[[ RECORDS FOR THIS TASK, beginning ]]
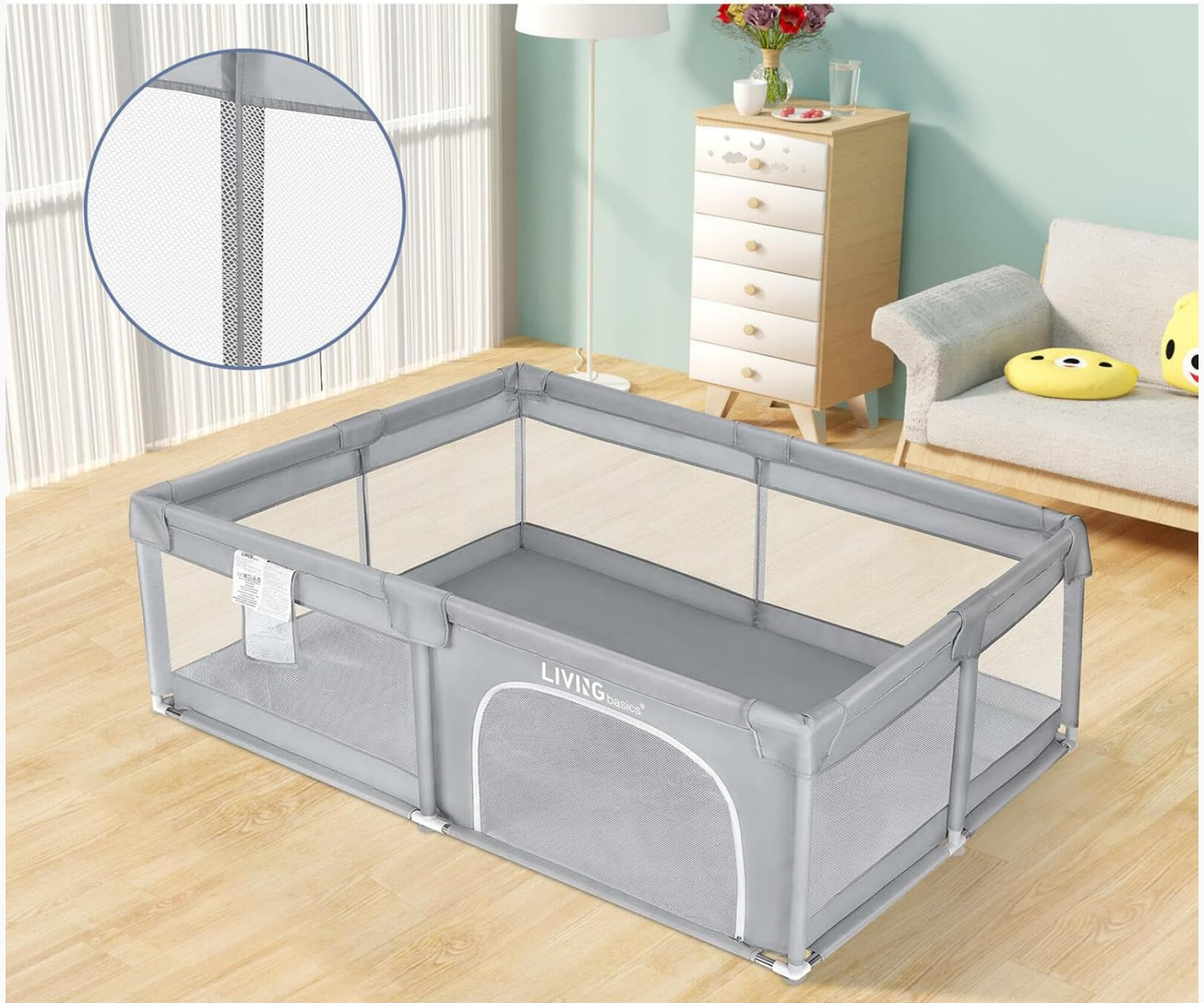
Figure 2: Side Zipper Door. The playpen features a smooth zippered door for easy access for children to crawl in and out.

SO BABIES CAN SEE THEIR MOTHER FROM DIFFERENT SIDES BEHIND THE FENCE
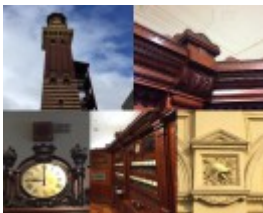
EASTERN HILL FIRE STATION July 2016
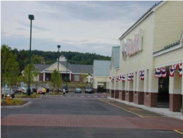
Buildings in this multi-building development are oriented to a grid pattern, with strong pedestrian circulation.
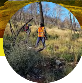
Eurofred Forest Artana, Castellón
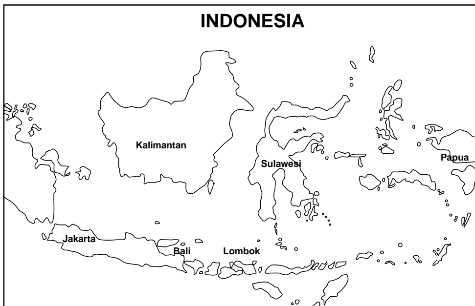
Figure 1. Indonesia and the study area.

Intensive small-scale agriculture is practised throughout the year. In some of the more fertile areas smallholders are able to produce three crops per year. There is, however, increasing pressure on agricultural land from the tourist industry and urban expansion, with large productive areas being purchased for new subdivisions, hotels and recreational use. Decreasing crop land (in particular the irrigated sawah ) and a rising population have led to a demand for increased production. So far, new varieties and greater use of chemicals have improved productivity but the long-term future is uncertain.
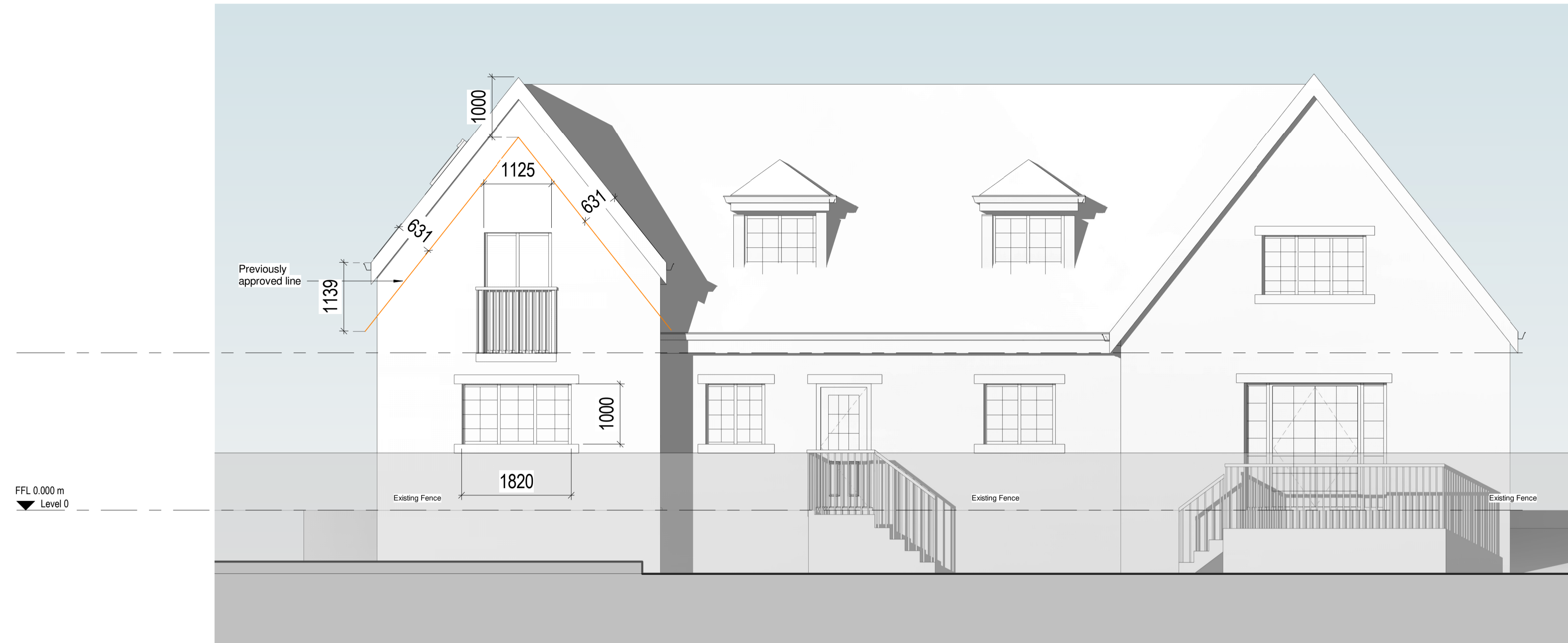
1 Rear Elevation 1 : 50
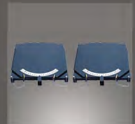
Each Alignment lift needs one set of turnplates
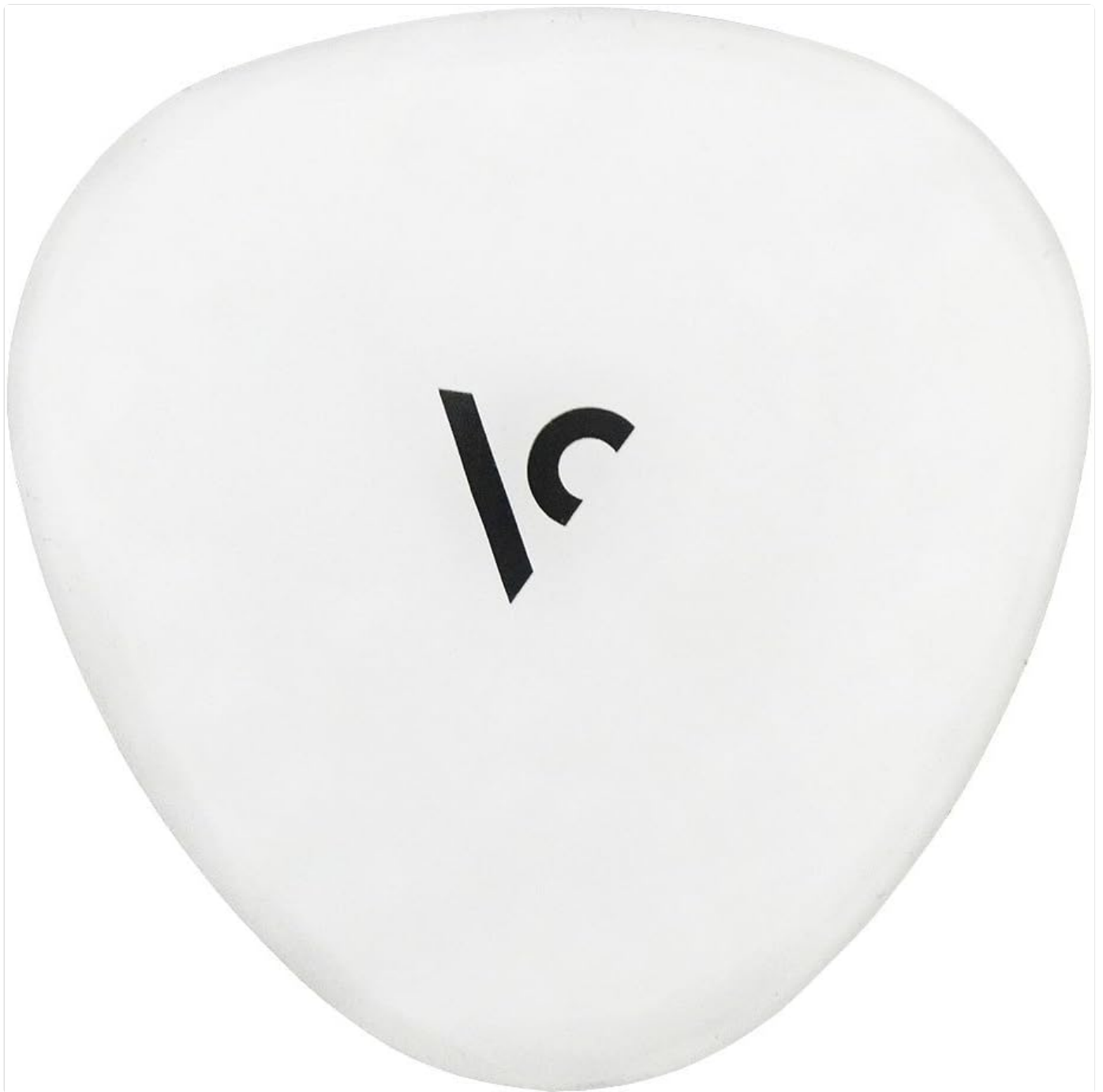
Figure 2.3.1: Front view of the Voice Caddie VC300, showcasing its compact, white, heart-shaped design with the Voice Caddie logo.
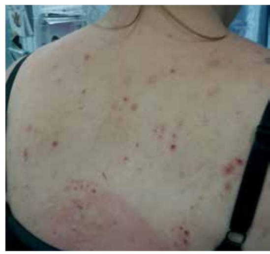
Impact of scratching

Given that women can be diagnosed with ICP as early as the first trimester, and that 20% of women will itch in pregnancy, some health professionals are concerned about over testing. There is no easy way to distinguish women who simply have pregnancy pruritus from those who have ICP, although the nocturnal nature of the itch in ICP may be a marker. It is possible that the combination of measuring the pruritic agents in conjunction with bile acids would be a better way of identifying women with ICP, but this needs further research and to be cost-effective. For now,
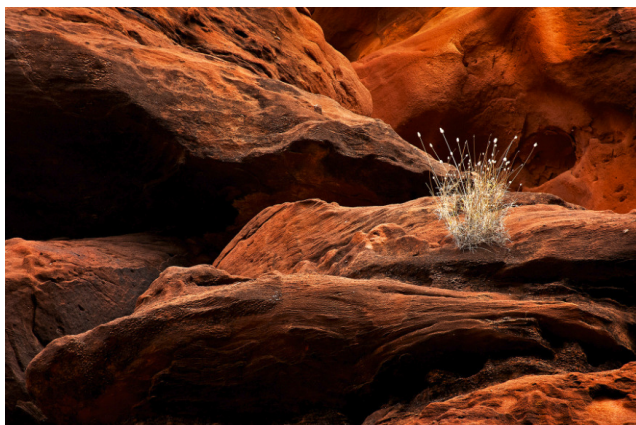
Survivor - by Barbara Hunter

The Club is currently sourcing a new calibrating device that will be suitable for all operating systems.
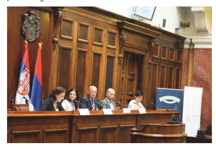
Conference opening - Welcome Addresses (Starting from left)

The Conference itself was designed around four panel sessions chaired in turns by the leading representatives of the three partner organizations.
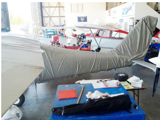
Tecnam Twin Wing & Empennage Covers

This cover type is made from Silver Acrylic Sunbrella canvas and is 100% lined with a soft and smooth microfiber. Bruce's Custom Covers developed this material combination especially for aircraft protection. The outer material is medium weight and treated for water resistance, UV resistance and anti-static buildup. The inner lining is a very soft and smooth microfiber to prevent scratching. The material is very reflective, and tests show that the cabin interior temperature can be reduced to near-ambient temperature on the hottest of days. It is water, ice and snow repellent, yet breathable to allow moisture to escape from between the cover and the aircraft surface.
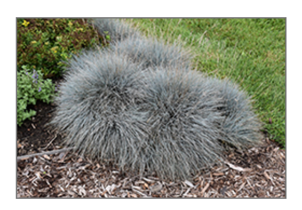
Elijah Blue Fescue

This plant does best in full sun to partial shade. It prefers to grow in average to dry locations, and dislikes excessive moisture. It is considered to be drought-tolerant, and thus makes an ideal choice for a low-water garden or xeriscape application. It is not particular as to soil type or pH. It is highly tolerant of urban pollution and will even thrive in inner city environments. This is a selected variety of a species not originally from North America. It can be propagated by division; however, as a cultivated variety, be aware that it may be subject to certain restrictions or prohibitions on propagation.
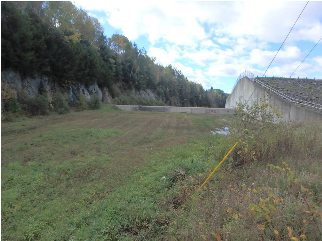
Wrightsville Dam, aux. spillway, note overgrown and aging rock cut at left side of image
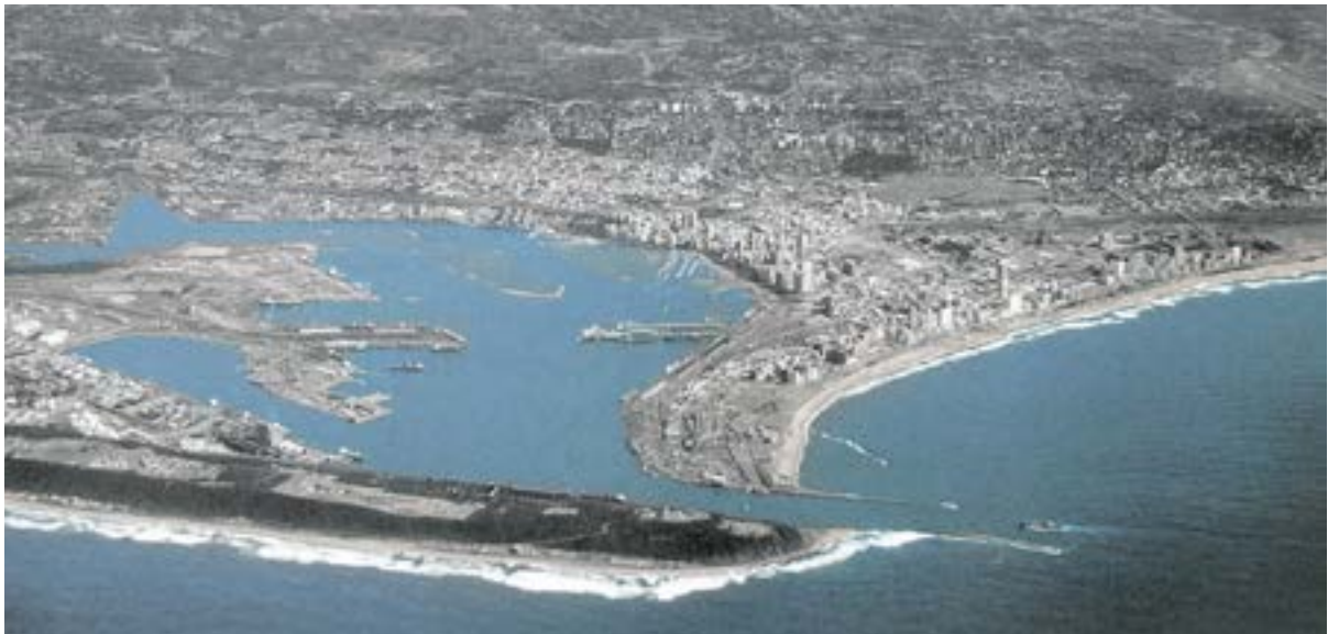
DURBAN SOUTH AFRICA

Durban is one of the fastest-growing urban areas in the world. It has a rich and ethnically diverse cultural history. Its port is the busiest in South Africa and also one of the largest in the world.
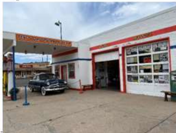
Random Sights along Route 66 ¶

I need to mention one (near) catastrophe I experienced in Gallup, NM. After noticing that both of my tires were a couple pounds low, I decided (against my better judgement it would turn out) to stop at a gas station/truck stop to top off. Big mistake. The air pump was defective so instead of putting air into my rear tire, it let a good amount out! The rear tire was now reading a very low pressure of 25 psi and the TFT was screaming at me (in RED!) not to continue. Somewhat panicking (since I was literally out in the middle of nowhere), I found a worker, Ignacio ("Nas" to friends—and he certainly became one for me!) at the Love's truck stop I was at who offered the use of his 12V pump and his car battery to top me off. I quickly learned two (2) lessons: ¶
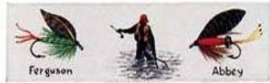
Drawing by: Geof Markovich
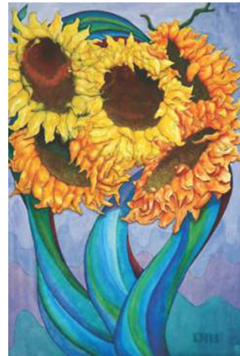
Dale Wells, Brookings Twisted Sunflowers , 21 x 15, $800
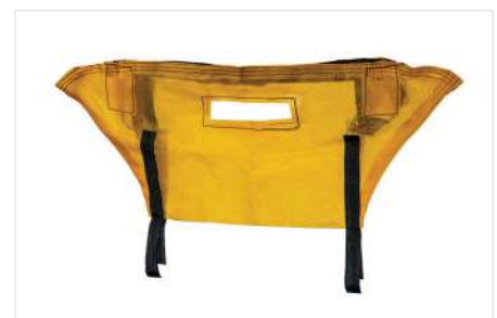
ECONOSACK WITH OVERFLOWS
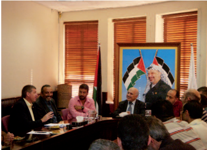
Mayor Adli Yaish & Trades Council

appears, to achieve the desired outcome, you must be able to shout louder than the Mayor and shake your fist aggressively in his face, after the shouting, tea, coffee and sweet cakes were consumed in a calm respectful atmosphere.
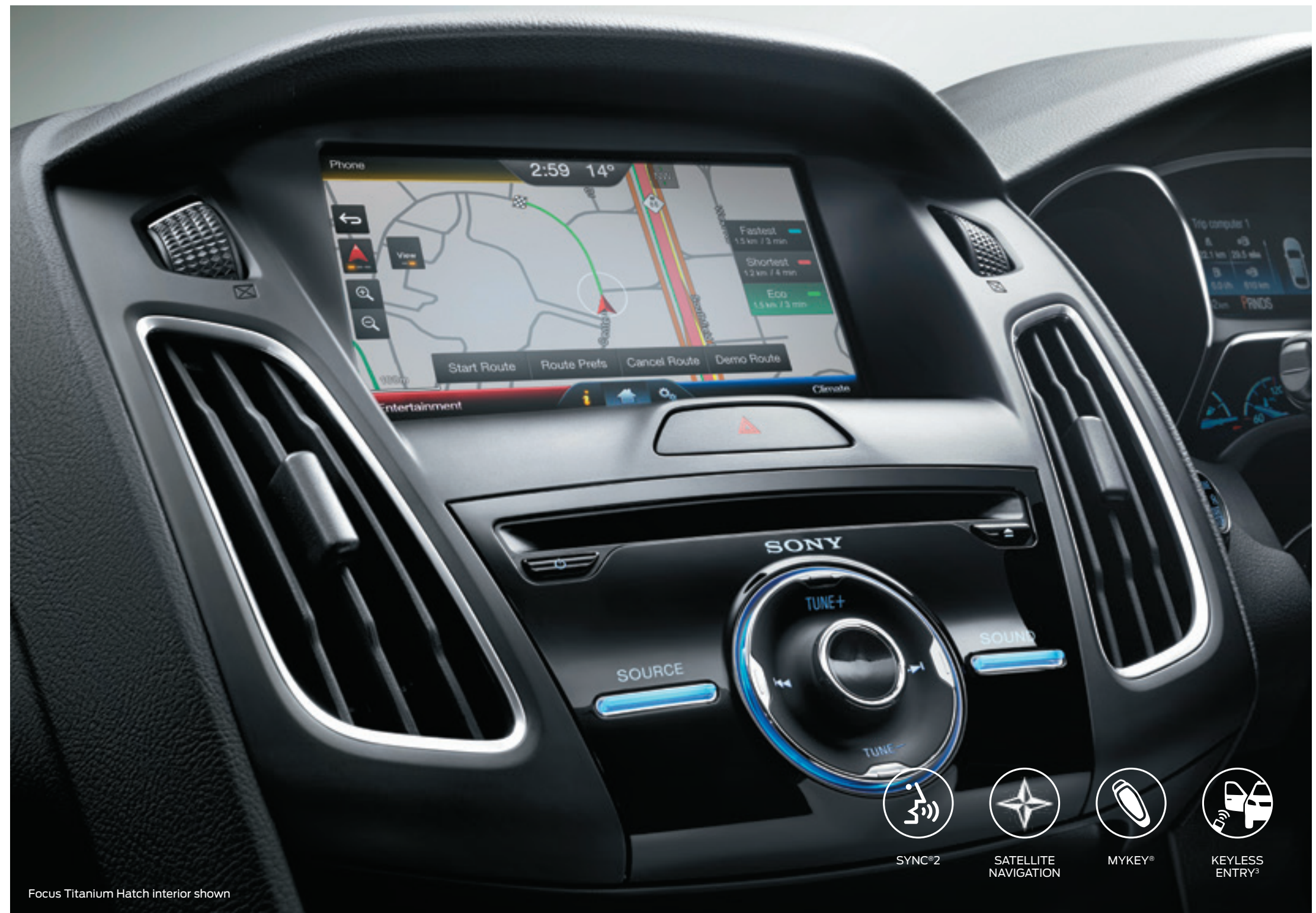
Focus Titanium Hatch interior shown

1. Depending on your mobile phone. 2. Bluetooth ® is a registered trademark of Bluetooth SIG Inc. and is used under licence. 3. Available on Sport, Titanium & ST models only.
[[ RECORDS FOR THIS TASK, end ]]
### DESCRIPTION OF THE TASK
Using the entries above, write out exactly the lines from the one with "Intensive small-scale agriculture" through the one with "Impact of scratching", ends included. Leave out any pictures.

### WRITTEN RESPONSE
Intensive small-scale agriculture is practised throughout the year. In some of the more fertile areas smallholders are able to produce three crops per year. There is, however, increasing pressure on agricultural land from the tourist industry and urban expansion, with large productive areas being purchased for new subdivisions, hotels and recreational use. Decreasing crop land (in particular the irrigated sawah ) and a rising population have led to a demand for increased production. So far, new varieties and greater use of chemicals have improved productivity but the long-term future is uncertain.
1 Rear Elevation 1 : 50
Each Alignment lift needs one set of turnplates
Figure 2.3.1: Front view of the Voice Caddie VC300, showcasing its compact, white, heart-shaped design with the Voice Caddie logo.
Impact of scratching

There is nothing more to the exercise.